**BRIEF**
Leaving out all images, return the entries below exactly.

**Records contained in a dataset**
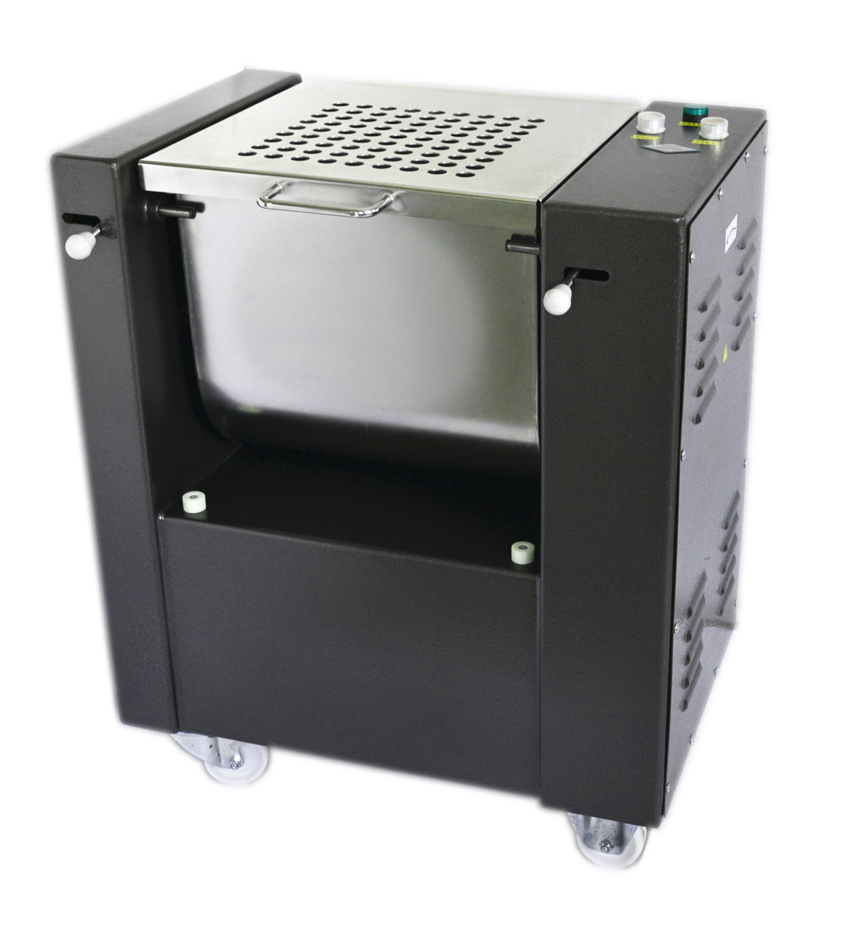 Машина тестомесильная изготавливается из нержавеющей стали в напольном исполнении, на колесиках.
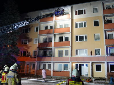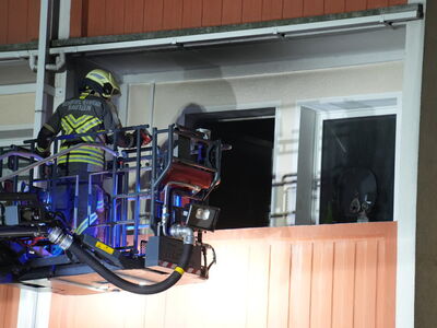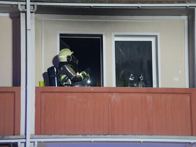 Beim Eintreffen der Einsatzkräfte bestätigte sich die Lage: In einer Wohnung war ein Brand ausgebrochen. Die Bewohnerin hatte sich auf den Balkon gerettet, da ihr der Fluchtweg über das Treppenhaus durch Rauch und Feuer versperrt war. Sie wurde umgehend mithilfe der Drehleiter vom Balkon gerettet.
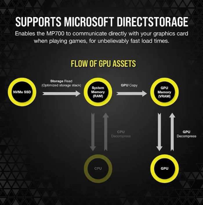 Corsair has specifically advertised the MP700 in conjunction with Microsoft's DirectStorage technology, which uses GPU decompression to enhance game loading speeds. This is however not a hardware-specific technology as it will also work with other high-end M.2 SSDs (including those using the PCIe 4.0 interface).
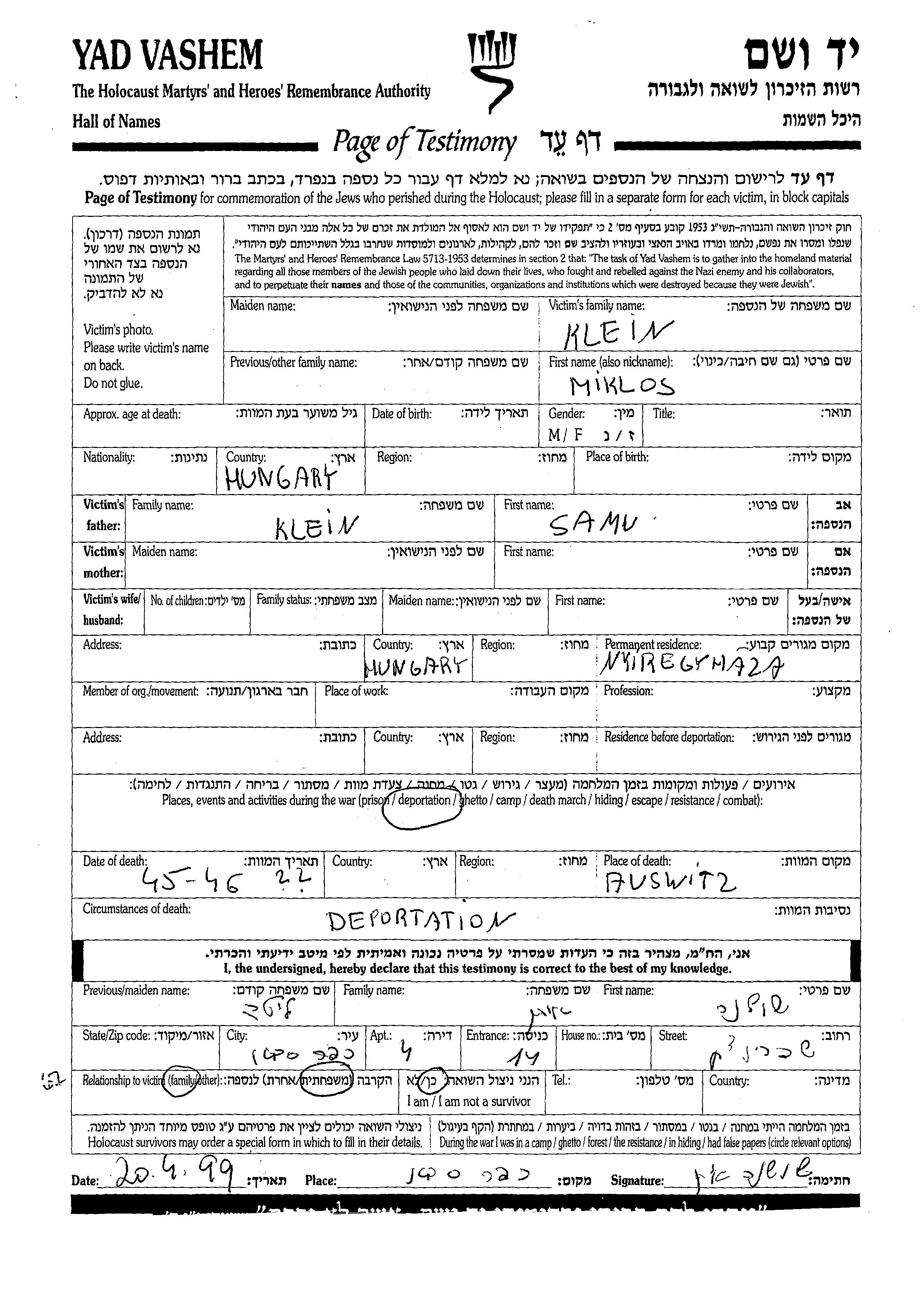 Miklos wurde in der Schoah ermordet. Todesort: Auschwitz, Polen im Jahr 1945.
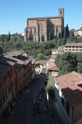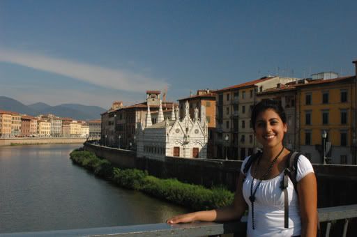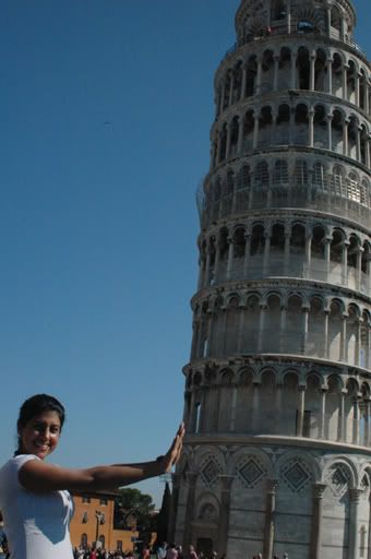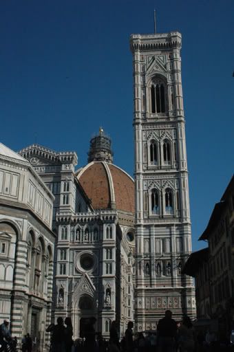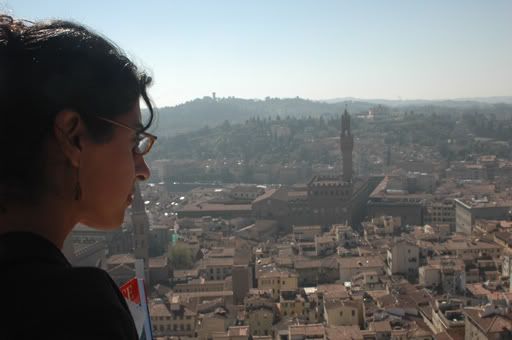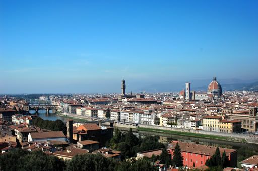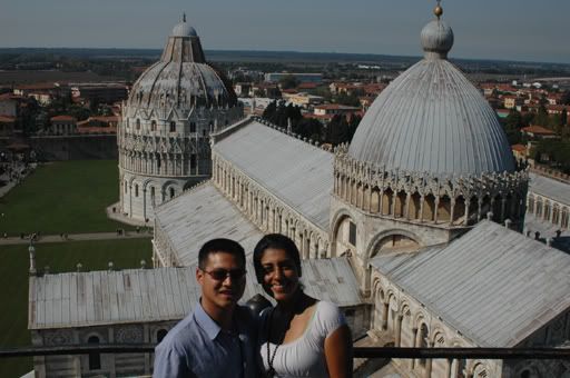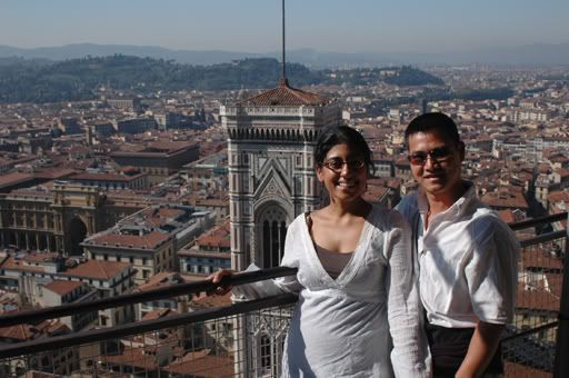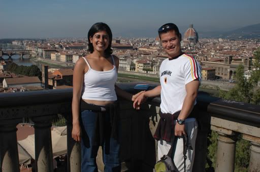 Neevar and I at Piazza MichelangeloWe had decided to make Florence our home for 6 nights, as we were tired of moving every two to three days. And as much as we love the cobble stones, the wheels on our duffel bags are starting to really show signs of wear and tear. After a two hour search within the city, where everything was booked solid, and what was not booked was only available for one or two nights at a cost of 85-110 Euros a night for a double with a private bathroom, I found the Albergo Marcella. This was a family run pensione for 45 Euros a night, close to the train station and only minutes away from all that Florence is famous for. Our room at the top of the building was spacious, bright and very clean. The view was to die for. Even though the bathroom was just down the hall, it was not too much of an inconvenience, although the noisy youngsters in the hostel next door were a bit of a nuisance. Florence is a great city, but we also had read about Pisa and Siena, two cities close enough that we could get to from Florence in an hour or so. We took advantage of that fact and planned two field trips to each of the cities.
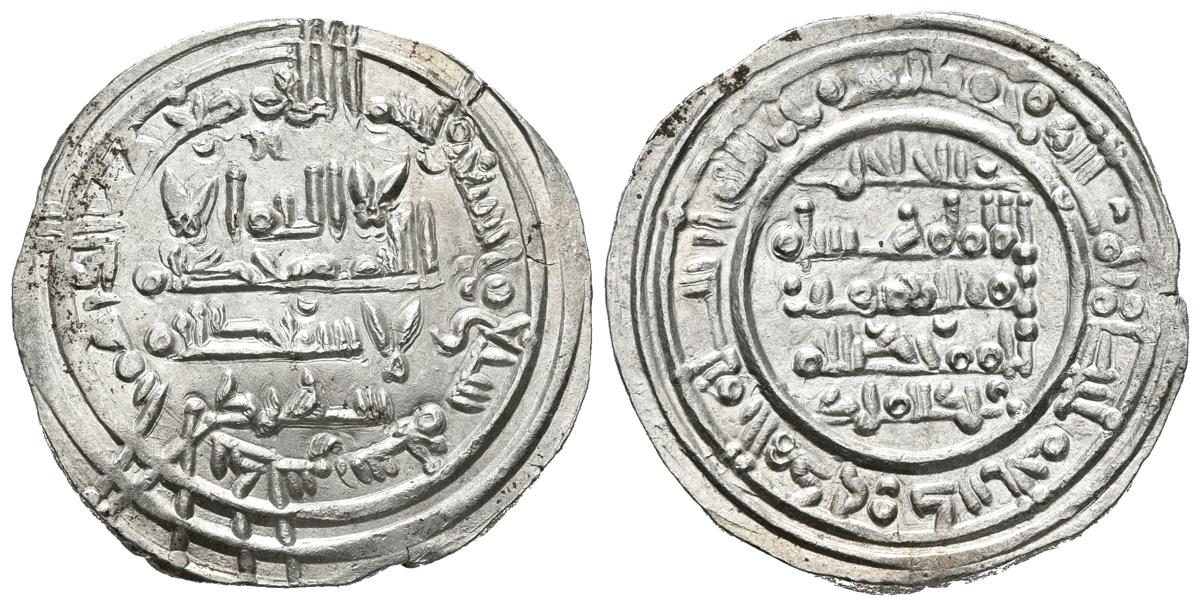 CALIFATO DE CORDOBA. Hisham II. Dirham. 397 H. Al-Andalus. Citando a Suhaid en la IA y Al-Hayib/´Abd Al-Malik en la IIA. Vives 590. Ar. 3,79g. Buen ejemplar. Inusual módulo mayor a lo habitual. EBC.

**OUTPUT OF THE EXERCISE**
 Машина тестомесильная изготавливается из нержавеющей стали в напольном исполнении, на колесиках.
 Beim Eintreffen der Einsatzkräfte bestätigte sich die Lage: In einer Wohnung war ein Brand ausgebrochen. Die Bewohnerin hatte sich auf den Balkon gerettet, da ihr der Fluchtweg über das Treppenhaus durch Rauch und Feuer versperrt war. Sie wurde umgehend mithilfe der Drehleiter vom Balkon gerettet.
 Corsair has specifically advertised the MP700 in conjunction with Microsoft's DirectStorage technology, which uses GPU decompression to enhance game loading speeds. This is however not a hardware-specific technology as it will also work with other high-end M.2 SSDs (including those using the PCIe 4.0 interface).
 Miklos wurde in der Schoah ermordet. Todesort: Auschwitz, Polen im Jahr 1945.
 Neevar and I at Piazza MichelangeloWe had decided to make Florence our home for 6 nights, as we were tired of moving every two to three days. And as much as we love the cobble stones, the wheels on our duffel bags are starting to really show signs of wear and tear. After a two hour search within the city, where everything was booked solid, and what was not booked was only available for one or two nights at a cost of 85-110 Euros a night for a double with a private bathroom, I found the Albergo Marcella. This was a family run pensione for 45 Euros a night, close to the train station and only minutes away from all that Florence is famous for. Our room at the top of the building was spacious, bright and very clean. The view was to die for. Even though the bathroom was just down the hall, it was not too much of an inconvenience, although the noisy youngsters in the hostel next door were a bit of a nuisance. Florence is a great city, but we also had read about Pisa and Siena, two cities close enough that we could get to from Florence in an hour or so. We took advantage of that fact and planned two field trips to each of the cities.
 CALIFATO DE CORDOBA. Hisham II. Dirham. 397 H. Al-Andalus. Citando a Suhaid en la IA y Al-Hayib/´Abd Al-Malik en la IIA. Vives 590. Ar. 3,79g. Buen ejemplar. Inusual módulo mayor a lo habitual. EBC.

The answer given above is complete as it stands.